But I went on and on and on. And then the next night, or next day I hid out in an old straw stack. And then that afternoon on the third day, I was scared then, because this arm was swollen as tight as it could swell, and I was having to carry it in the other hand. And all my fingers began to turn blue. And I realized gangrene poisoning setting in. And, you know, nobody to do anything for you. And I realized I'm going to die just like a rat beside the road. That's a terrible feeling. And I thought, "What'll I do? I'll just get out and go a little sooner. Maybe I'll have to rap on somebody's door."

That's what I did. I remember as I walked out, I don't know how far, I saw this lamp. It was an old-fashioned lamp burning. Very poor house. No paint on it. Now, I knew those were poor people. So I walked up to the screen door and I rapped on it. And a tall man came to the door. He was rather old. And I said, "Please may I have a drink of water?"

And do you know that old man didn't answer me. But he walked back into the house and he called his wife. And, God bless her heart, she's like most old-fashioned mothers. She came to the door, and she didn't say, "Who are you?" and "What do you want?" Thank God, there are a lot of good people in this world.

That dear little woman just pushed that door open and said, "Won't you come in and sit down?" Do you know that's the most beautiful music I've ever heard in my life? I should say I'll come in and sit down!

And she pulled out a chair. And I sat down on it. I was glad to sit down. And, you know, their house was poor. There was no rugs on the floor of any type. A table cloth. Red-checkered table cloth on the table. A little old stove over there in the corner and there was a fire in it. And that woman put some milk in a pan and heated it and brought it over to me.

And, you know, I'm hungry. I don't have any manners. I forgot how to act. I forgot a lot of things in twenty-two years.

And I grabbed that glass of milk before she ever set it down. And I gobbled it down. I'm so hungry! I felt like I'm going stark mad. And I took it instantly. And the moment it touched my stomach, of course, I couldn't retain it. I lost it. I haven't had any whole milk in twenty-two years. You can understand why I couldn't take it.

And she knew what to do. She went out into the kitchen and she heated some water - or rather over to the stove - and heated some water. And, bless her heart, she put sugar in that water and brought it over to me. And she sat down and gave it to me from a spoon.

I took every bit of it. Oh, it was good. It was nourishing. And then the daddy walked over by me and he said, "Now tell us who you are and where'd you come from."

I began to cry. I was scared then.
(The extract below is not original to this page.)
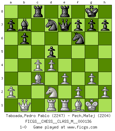 Last move : 1-0 2024 August 1 3:42:53 [Event "FICGS__CHESS__CLASS_M__000136"] [Site "FICGS"] [Date "2024.04.07"] [Round "1"] [White "Taboada,Pedro Pablo"] [Black "Pech,Matej"] [Result "1-0"] [WhiteElo "2247"] [BlackElo "2204"] 1.d4 d5 2.Nf3 Nf6 3.c4 c6 4.Nc3 e6 5.e3 Nbd7 6.Qc2 Bd6 7.b3 O-O 8.Be2 b6 9.O-O Bb7 10.Bb2 Qe7 11.Rad1 Rad8 12.Rfe1 Rfe8 13.Bf1 c5 14.cxd5 exd5 15.g3 Rc8 16.Qb1 c4 17.bxc4 Bb4 18.Nd2 Bxc3 19.Bxc3 1-0 This chess game has been lost on time (started : 2024.04.07 10:56:24) Follow this game move after move (download)All Chess players should have a hobby. (Savielly Tartakower) Wie bekannt hörte Morphy 1859 auf, Schach zu spielen. Seine Enttäuschung galt nicht so sehr dem Schach, wie den Schachspielern. (Robert James Fischer) Hoy en día, si tu no eres un Gran Maestro a los 14 años, es mejor que lo olvides. (Anand Viswanathan) On peut tirer plus d'utilité d'une partie perdue que de 100 parties gagnées. (Capablanca) There are two major products that came out of Berkeley: LSD and UNIX. We do not believe this is to be a coincidence. (Jeremy S. Anderson)

I said, "I run away from the convent and I'm not going back."

And he said, "What happened to you?" My hand was laying up on the table.

And I said, "Well, I tried to get over the gate and I fell and I'm hurt."

And, you know, he said, "We'll have to call a doctor."

And, bless your sweet life, then I really became hysterical! I got up from the table. I was going to run back outside and they wouldn't let me.

He said, "Wait a minute. We're not going to hurt you. You're hurt. You'll have to have help."

I said, "I don't have any money and I don't have any people. And I can't pay a doctor bill."

Of course, I was just in a terrible mess, if you want to know it. And that man said to me, "I'm going after a doctor." He said, "And he's not a Roman Catholic. Neither am I."